The Philippines says oil blocks it plans to offer to international exploration companies later this month in the South China Sea are “well within” its territory, after tensions escalated over drilling rights in the area.
Two of the 15 blocks the nation plans to offer lie within areas also claimed by China, according to a map it presented to the United Nations in 2009. China has repeatedly said it will oppose any attempt to drill for oil in waters where it claims jurisdiction. The Philippines and Vietnam have both protested Chinese harassment of oil survey vessels in the past two months.
Disputes over the South China Sea have drawn in the U.S., which has a defense treaty with the Philippines and says that keeping the world’s busiest shipping lane open is of national strategic importance. Recent signs that China’s Southeast Asian neighbors are pushing ahead with attempts to unlock oil and gas reserves beneath the ocean floor have raised the risk of military standoffs in the region.
“The stakes are slowly rising,” Carlyle A. Thayer, a professor of politics at the Australian Defense Force Academy in Canberra, said in an interview on Bloomberg Television. “What is China going to do by way of response? That’s what’s worrying.”
The Philippines plans to offer the contracts by the end of the month, Energy Undersecretary Jose Layug told reporters yesterday.
“All areas we’re offering are definitely undisputed and within Philippine territory,” he said by phone yesterday in Manila.
Chinese Foreign Ministry spokesman Hong Lei said yesterday that the government hoped “relevant parties will make more contributions to peace and stability in the region.”

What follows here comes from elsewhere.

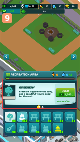 4、在休闲区域花费【1,000】资源建造【GREENERY】,其可提供新鲜空气与景观,提升区域效果以辅助防疫。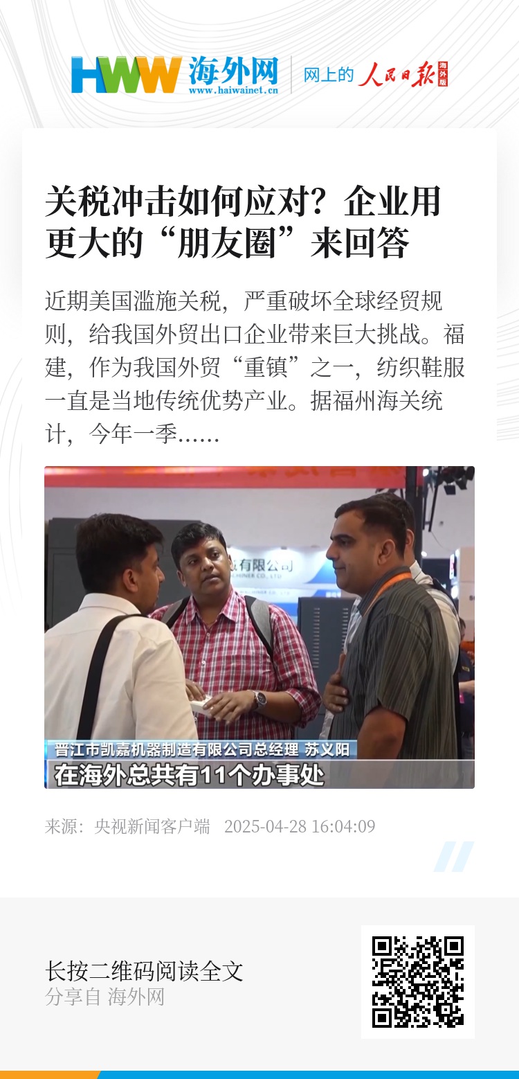 这些天,为了帮助企业缓解出口压力,晋江当地的政府、行业协会、商会组织也在积极行动,提供展会等供需对接结活动,帮助企业寻找合作商机。

Hong was responding to a question about a resolution submitted June 13 by Virginia Senator Jim Webb condemning the use of force by China in the South China Sea and calling for multilateral negotiations to resolve maritime disputes. Webb is a Democrat who served as President Ronald Reagan’s secretary of the Navy.

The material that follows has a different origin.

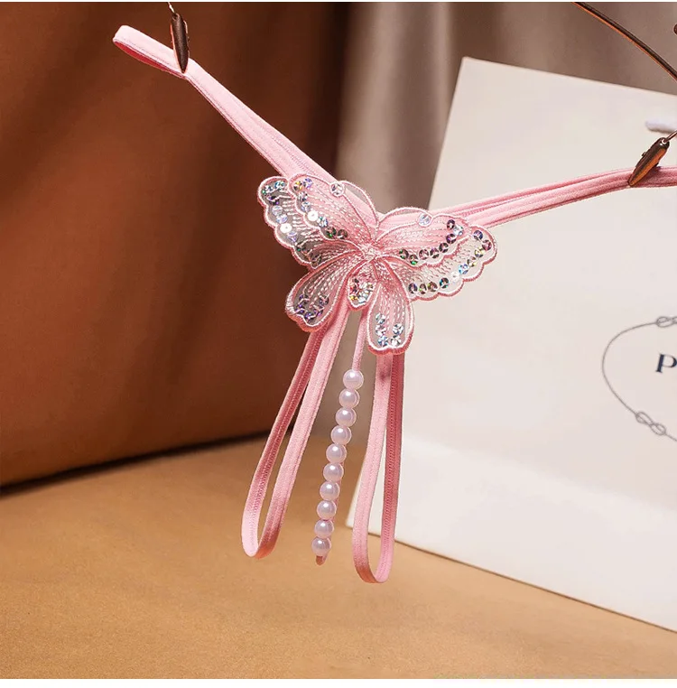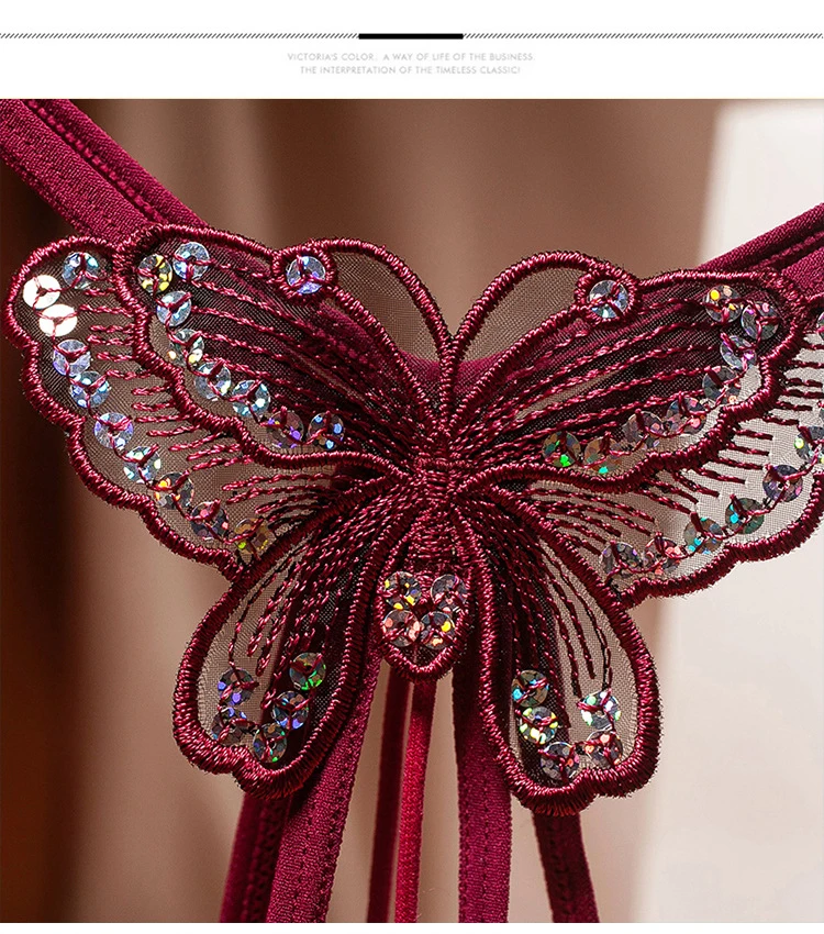 Вышивка Бабочка с блестками трусики с жемчужинами сексуальное женск...

“China is trying to safeguard its own legitimate rights and interests instead of infringing on other country’s rights,” Hong said.

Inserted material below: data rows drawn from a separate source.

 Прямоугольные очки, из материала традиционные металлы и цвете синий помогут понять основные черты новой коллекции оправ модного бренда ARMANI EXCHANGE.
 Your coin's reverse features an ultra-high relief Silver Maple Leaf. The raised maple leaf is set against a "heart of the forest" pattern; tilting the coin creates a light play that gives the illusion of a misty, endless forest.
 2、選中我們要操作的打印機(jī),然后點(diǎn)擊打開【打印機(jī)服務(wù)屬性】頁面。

In Washington, State Department spokesman Mark Toner said the U.S. wants to see a solution “without coercion.”
“We’re obviously concerned in recent days of these events that have raised tensions in the region,” Toner said at a State Department briefing. “We share a number of interests with the international community in the South China Sea. We’re looking for a peaceful, collaborative and diplomatic process to resolve this.”
Two of the blocks set to be offered are in waters close to where Chinese vessels in March harassed a survey vessel from Forum Energy Plc, which held a contract from the Philippines to explore the area.
State-owned PetroVietnam’s Canadian partner, Calgary-based Talisman Energy Inc., said on its website it aims to begin drilling next year in a separate block that China awarded to a U.S. rival and has protected with gunboats. Irving, Texas-based Exxon Mobil Corp. plans an exploratory well off Vietnam this year, Mark W. Albers, a senior vice president, said in a March 9 meeting with analysts.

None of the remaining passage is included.